> **THE INPUT**:
◇ ◇ ◇

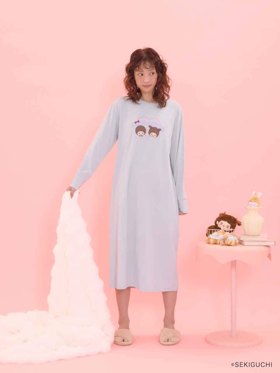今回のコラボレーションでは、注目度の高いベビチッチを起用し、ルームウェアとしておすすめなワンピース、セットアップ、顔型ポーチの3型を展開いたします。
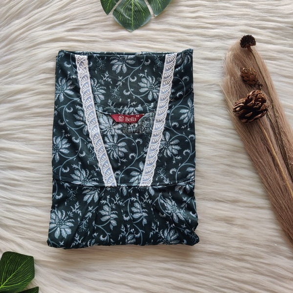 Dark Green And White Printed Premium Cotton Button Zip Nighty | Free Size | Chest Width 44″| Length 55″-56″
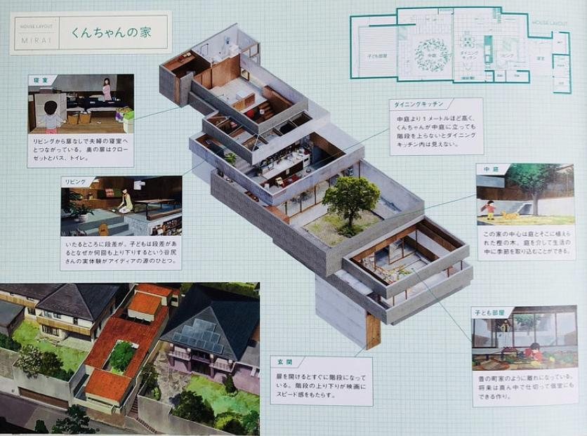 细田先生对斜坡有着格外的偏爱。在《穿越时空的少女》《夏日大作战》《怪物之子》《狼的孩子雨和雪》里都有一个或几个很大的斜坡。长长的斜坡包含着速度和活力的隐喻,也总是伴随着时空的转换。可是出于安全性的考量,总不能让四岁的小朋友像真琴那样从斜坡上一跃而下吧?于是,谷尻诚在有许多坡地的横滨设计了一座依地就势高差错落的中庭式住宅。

◇ ◇ ◇

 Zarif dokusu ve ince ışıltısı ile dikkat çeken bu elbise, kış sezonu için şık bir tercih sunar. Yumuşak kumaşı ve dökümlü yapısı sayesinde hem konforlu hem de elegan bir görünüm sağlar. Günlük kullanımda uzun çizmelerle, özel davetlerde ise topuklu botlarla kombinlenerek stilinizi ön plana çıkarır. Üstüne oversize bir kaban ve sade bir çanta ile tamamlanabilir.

◇ ◇ ◇

Since the pictures are not part of the copy, please transcribe only the lines above from the one with "Dark Green And" through the one with "细田先生对斜坡有着格外的偏爱", exactly and with both ends.

 Dark Green And White Printed Premium Cotton Button Zip Nighty | Free Size | Chest Width 44″| Length 55″-56″
 细田先生对斜坡有着格外的偏爱。在《穿越时空的少女》《夏日大作战》《怪物之子》《狼的孩子雨和雪》里都有一个或几个很大的斜坡。长长的斜坡包含着速度和活力的隐喻,也总是伴随着时空的转换。可是出于安全性的考量,总不能让四岁的小朋友像真琴那样从斜坡上一跃而下吧?于是,谷尻诚在有许多坡地的横滨设计了一座依地就势高差错落的中庭式住宅。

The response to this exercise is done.